Global Lifetime Values

You can change the global lifetime values which are used when negotiating new IPsec SAs and override configured global lifetime values for a specified crypto map entry.

You can configure two lifetimes: timed or traffic-volume. A SA expires after the first of these lifetimes is reached. The default lifetimes are 3,600 seconds (one hour) and 4,500 MB.

If you change a global lifetime, the new lifetime value will not be applied to currently existing SAs, but will be used in the negotiation of subsequently established SAs. If you wish to use the new values immediately, you can clear all or part of the SA database.

Assuming that the particular crypto map entry does not have lifetime values configured, when the switch requests new SAs it will specify its global lifetime values in the request to the peer; it will use this value as the lifetime of the new SAs. When the switch receives a negotiation request from the peer, it uses the value determined by the IKE version in use:

If you use IKE version 1 (IKEv1) to setup IPsec SAs, the SA lifetime values are chosen to be the smaller of the two proposals. The same values are programmed on both the ends of the tunnel.

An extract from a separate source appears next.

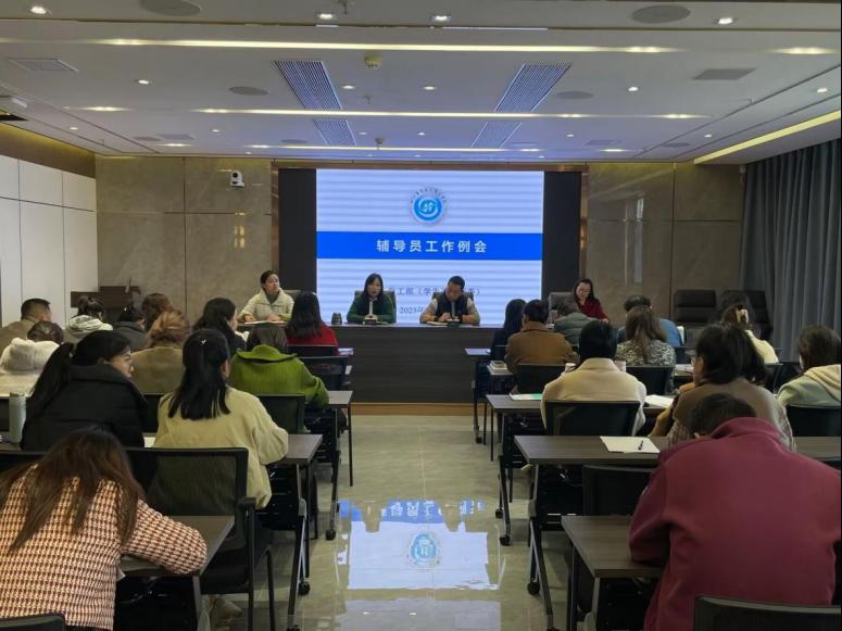 11月28日下午,学工部在明德楼新会议室召开辅导员工作例会。会议由学工部部长任燕主持,学院党委副书记李瑜出席,学工部副部长伍凤姣、团委副书记金园、各二级学院书记副书记和全体辅导员参加会议。
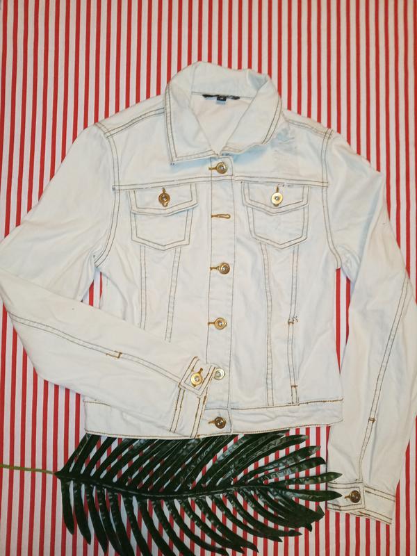 Джинсовая куртка бледно-голубого цвета на пуговицах, немного рваная и потёртая

If you use IKE version 2 (IKEv2) to setup IPsec SAs, SAs on each end has its own set up of lifetime values and thus the SAs on both sides expire independently.

The SA (and corresponding keys) will expire according to whichever comes sooner, either after the specified amount of time (in seconds) has passed or after the specified amount of traffic (in bytes) has passed.

A new SA is negotiated before the lifetime threshold (when 10% of the configured value still remains) of the existing SA is reached, to ensure that negotiation completes before the existing SA expires.

If no traffic has passed through when the lifetime expires, a new SA is not negotiated. Instead, a new SA will be negotiated only when IPsec sees another packet that should be protected.